Since it is formed into a flat shape according to b, the reaction container part 2
can be made small and small in capacity. Therefore, the amount of samples and reagents required for testing can be reduced to a very small amount.

Furthermore, since the sample liquid and the like can be stirred by sucking air from the probe section 3 with a dispenser, there is no need for a stirring rod, a stirring pressing mechanism, a drive motor, or the like.

Furthermore, since the probe section 3 and the reaction container section 2 are integrated,
When the reaction container 1 is made disposable, the cost can be reduced.
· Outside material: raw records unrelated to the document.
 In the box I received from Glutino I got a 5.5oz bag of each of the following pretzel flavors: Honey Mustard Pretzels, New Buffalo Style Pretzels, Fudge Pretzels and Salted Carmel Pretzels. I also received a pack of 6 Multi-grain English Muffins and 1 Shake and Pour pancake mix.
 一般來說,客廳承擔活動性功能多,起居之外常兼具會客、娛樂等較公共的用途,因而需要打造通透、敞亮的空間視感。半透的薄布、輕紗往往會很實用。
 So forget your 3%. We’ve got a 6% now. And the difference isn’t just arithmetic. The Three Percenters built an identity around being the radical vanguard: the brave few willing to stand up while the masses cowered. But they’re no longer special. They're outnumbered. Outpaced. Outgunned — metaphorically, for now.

In addition, the reaction container 1 can be discarded after each test, and the sample,
Since the reagent, diluent, and air are all sucked in only one direction, they can be washed together and have the advantage of no carryover.

〔Effect of the invention〕

As described above, in the reaction container according to the present invention, the reaction container part and the probe part are integrally formed, and the reaction container part is flattened so that the flat surface is formed on the photometric cell surface. The operation and structure of the transfer mechanism can be simplified, and stirring rods and pressing mechanisms are no longer required during stirring. Moreover, during each step, almost no cleaning liquid is required for cleaning, there is little waste liquid, and if the reaction vessel is disposable, the cost can be reduced. Furthermore, since the reaction container can be made smaller and have a smaller capacity than conventional ones, the amount of samples, reagents, etc. required for testing can be reduced to a very small amount. Further, since the sample, reagent, diluent, air, etc. are sucked in only one direction of the probe part, there is an advantage that co-washing is possible and there is no carryover.
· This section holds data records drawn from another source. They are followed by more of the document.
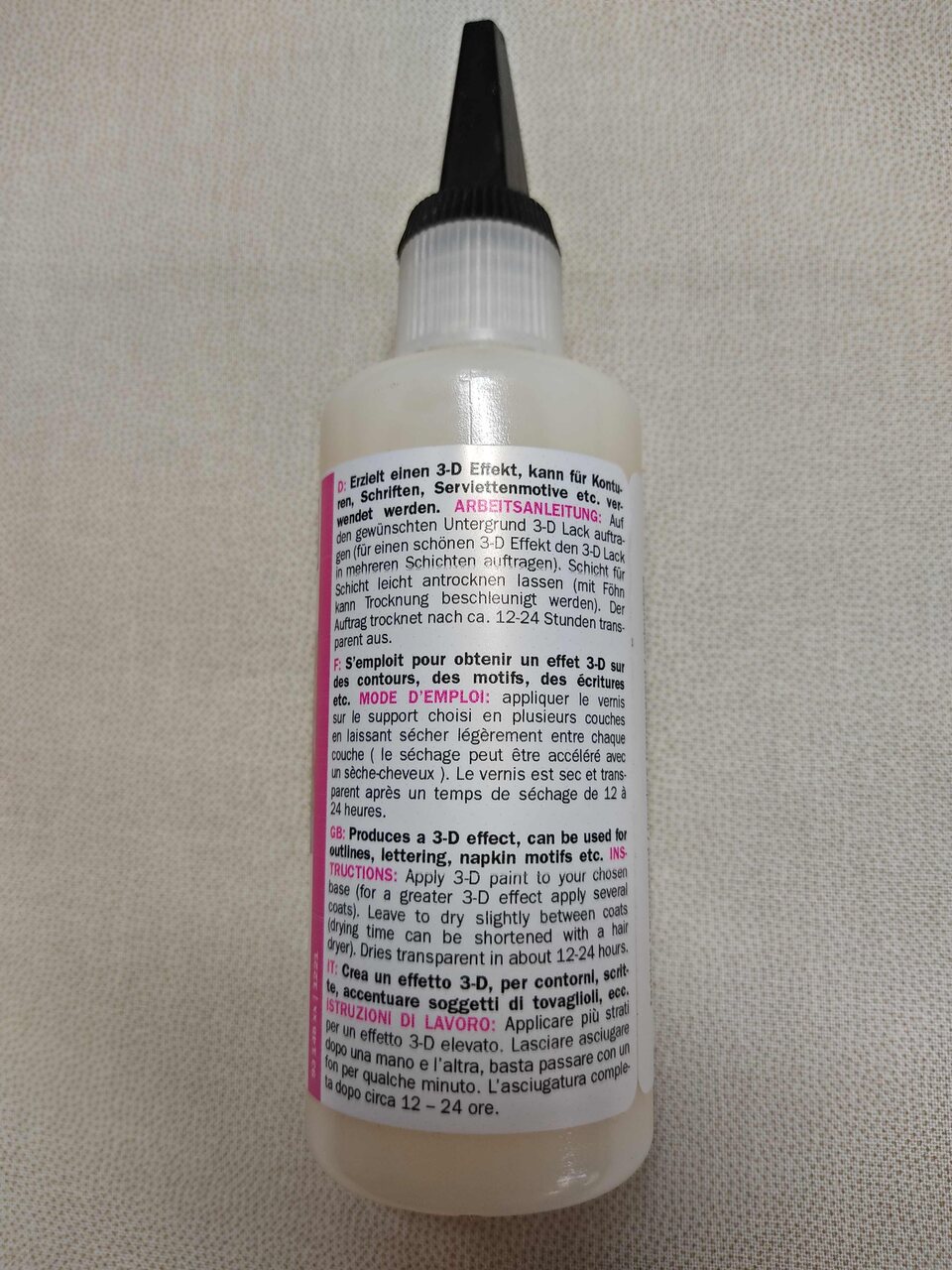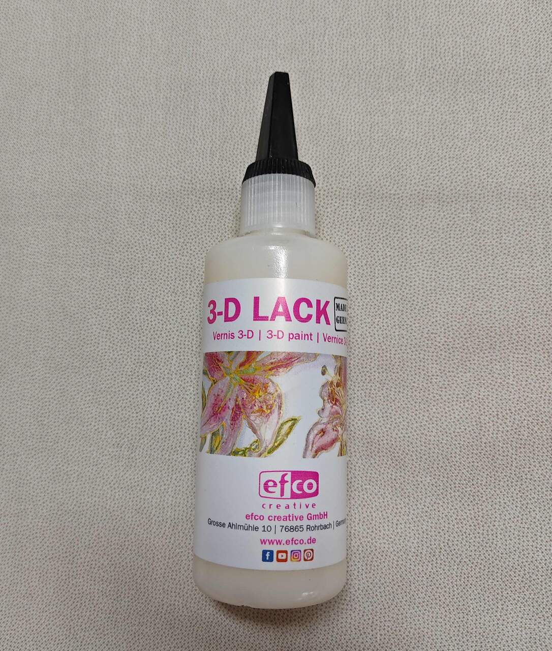 Home Auxiliares de pintura Verniz para efeito tridimensional transparente 3D Lack Efco 100ml Verniz para efeito tridimensional transparente 3D Lack Efco 100ml 1 unidades em stock 7,85 € Desconto de %. Comprar Contactar Adicionar à wishlist Verniz para efeito tridimensional transparente, com aplicador. Sobre uma decoupage deverá aplicar o verniz com o aplicador para realçar pormenores onde deseja dar o efeito tridimensional. Tags 3D Características Partilhar
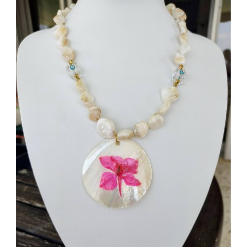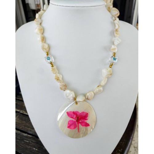 Αιχμαλωτίστε την εξωτική ομορφιά της φύσης με αυτό το μοναδικό χειροποίητο κολιέ. Ο εντυπωσιακός στρογγυλός δίσκος από φυσικό κοχύλι αναδεικνύει ένα αληθινό, αποξηραμένο λουλούδι σε ζωηρή φούξια απόχρωση. Η αλυσίδα αποτελείται από ακανόνιστες χάντρες κοχυλιού, συμπληρωμένες από διακριτικά γυάλινα ματάκια για προστασία και χρυσές λεπτομέρειες. Ένα κόσμημα που αποπνέει καλοκαίρι, φινέτσα και αυθεντικότητα, ιδανικό για να ξεχωρίσετε.
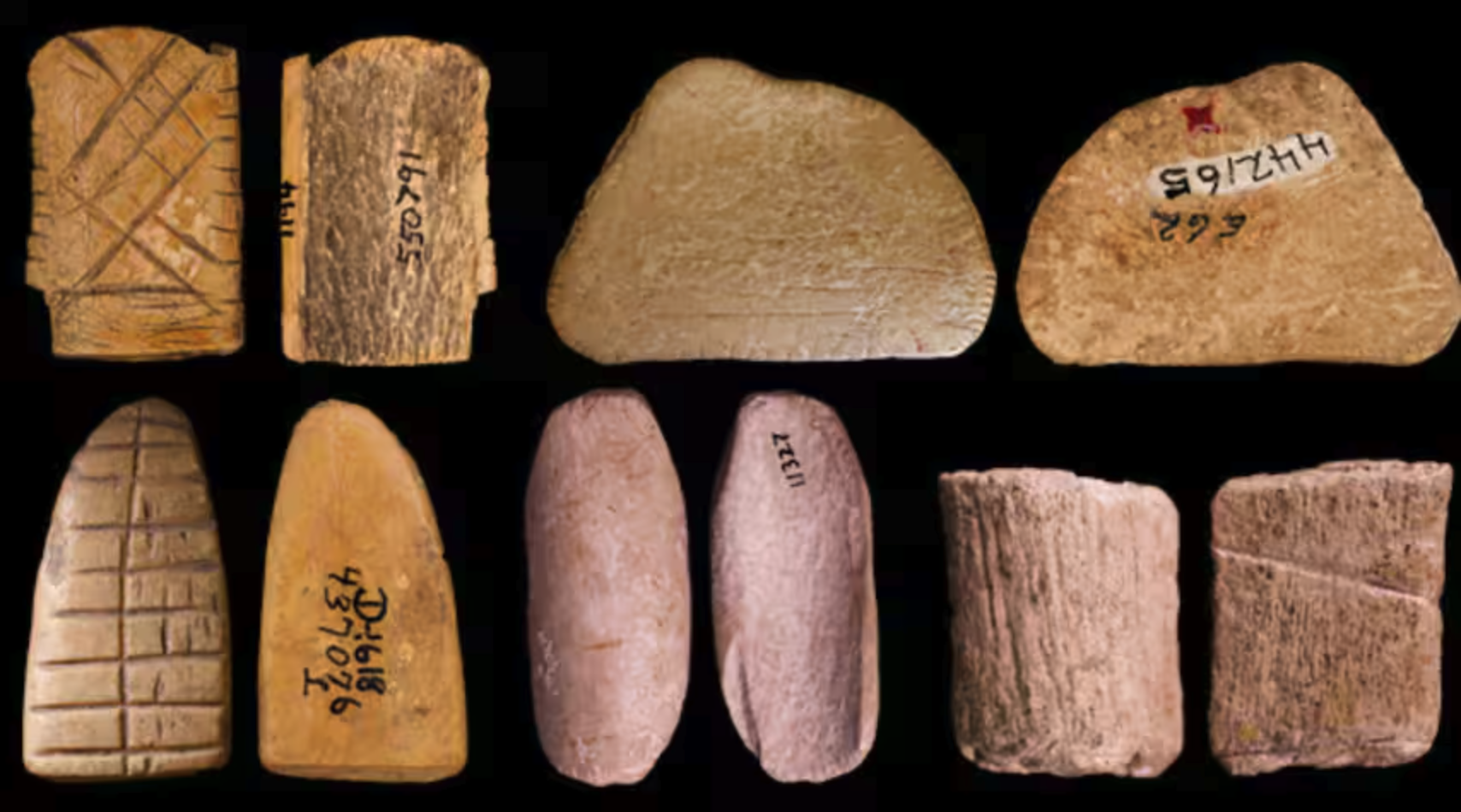 Het zijn geen dobbelstenen zoals wij die kennen. Het zijn stenen en botten met markeringen. Objecten die volgens onderzoekers aan bepaalde criteria voldoen. Handzaam. Gemarkeerd. Geen gat.

[Brief explanation of drawings]

FIG. 1(A) is a longitudinal cross-sectional view of one embodiment of the reaction container according to the present invention, FIG. 1(B'i) is a cross-sectional view taken along line II in FIG.
Figures 8 through 8 are partial cross-sectional views showing the reaction vessels in each step of the automatic analysis method, and Figure 2 shows the reagent dispensing step,
Figure 3 shows the diluted liquid dispensing process, Figure 4 shows the stirring process, Figure 5 shows the photometry process, Figure 6 shows the sample dispensing process, Figure 7 shows the diluted liquid dispensing process, and Figure 8 shows the stirring process. be. ■...Reaction container, 2...Reaction container part, 2b...
...Photometry cell surface, 3...Probe part.

Claims (1)

[Claims] A reaction container in which a reaction container portion and a probe portion are integrally formed, the reaction container portion has a flat shape, and two opposing flat surfaces of the reaction container portion are used as photometric cell surfaces.